Подобные "инициативы" – дополнительный бонус Лукашенко: истерика априори – признак слабости, попытка перекричать то, что перекричать невозможно.
В свете этого примечательны все более жесткие "лейблы", которые вешают друг на друга противники Лукашенко. Достаточно вспомнить осеннее обострение групповых противоречий на тему "мовы" и "языка".

Вряд ли г-н Дубавец и впрямь считает "крыху рабамі" более 90% населения, но политическое затишье требует всплеска – и нужный всплеск организуется – хоть и ненадолго. Буря даже не в стакане воды – в чайной ложечке. Но как в старом анекдоте про те же ложечки: они-то нашлись, а осадочек остался. Осадочком и пробавляемся.

Добавлю: злоба, подозрительность, взаимные тычки, а то и драки представителей демократического лагеря страшны не только тем, что усиливают позиции Лукашенко (о чем многократно говорено). Они страшны тем, о чем некогда писала еще Ханна Арендт: о том, что тоталитаризм – удел не крепко спаянного коллективистского общества, как принято было считать. Напротив, вирус тоталитаризма возникает там, где индивиды атомизированы, изолированы: именно потому они видят власть самой крепкой сцепкой между собой.

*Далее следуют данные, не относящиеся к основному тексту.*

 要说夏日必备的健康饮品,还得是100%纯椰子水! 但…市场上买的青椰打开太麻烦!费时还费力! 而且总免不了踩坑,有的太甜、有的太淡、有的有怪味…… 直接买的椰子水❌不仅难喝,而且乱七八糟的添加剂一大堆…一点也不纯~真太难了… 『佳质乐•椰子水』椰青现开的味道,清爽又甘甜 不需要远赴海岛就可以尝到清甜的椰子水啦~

Это к тому, о чем уже говорилось в начале: кроме всего прочего, Лукашенко является еще и гарантом, что эти люди не придут к власти. И этот взгляд более верен не для так называемого "народа" (который данными проблемами "не заморачивается") – для тех, кто не читает "СБ" и не смотрит БТ, а как раз-таки ориентируется в независимых СМИ. В свете этого если у нас и нет сейчас тоталитаризма – то опасность его есть. И не обязательно при Лукашенко. И не обязательно его усилиями: мы справимся и своими. Вряд ли по Оруэллу – по Хаксли, но хрен редьки не слаще: тоталитаризм в мышлении людей (добровольно избранный тоталитаризм) подпитывается жаждой централизации. А при разброде в лагере демократов она неизбежна.

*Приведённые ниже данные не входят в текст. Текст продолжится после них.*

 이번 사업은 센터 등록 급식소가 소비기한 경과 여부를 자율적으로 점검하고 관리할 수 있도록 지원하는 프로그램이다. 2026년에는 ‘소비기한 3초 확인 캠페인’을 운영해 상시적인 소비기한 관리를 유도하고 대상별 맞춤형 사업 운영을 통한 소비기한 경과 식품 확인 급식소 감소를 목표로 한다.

В последнее время у нас появился новый национальный атракцион "Шпионские страсти". Игрой в шпионов развлекается не только государство (дело Суряпина, дело Гайдукова): она изрядно развлекает и свободомыслящую среду.

Становится правилом, нет, даже законом поиск компромата – "на сейчас" и впрок: тут показательна скорость "Хартии" в развенчании светлого образа Чуденцова – в девичестве Зуева. Умопомрачительно быстрая реакция, невозможная в случае отдаленного противника, но возможная в случае бывшего союзника, на которого "заводят дело" еще в пору союзничества. По ведомству шпионских страстей проходит и приверженность "скринам", одновременно обостряющая азарт и паранойю: ну, кто, кто первый успеет тиснуть в ФБ скриншот личной переписки?! Если учесть и без того низкий индекс доверия у современных белорусских граждан, то эту виртуальную игру не стоит недооценивать: она может разъесть реальность, что потихоньку и делает.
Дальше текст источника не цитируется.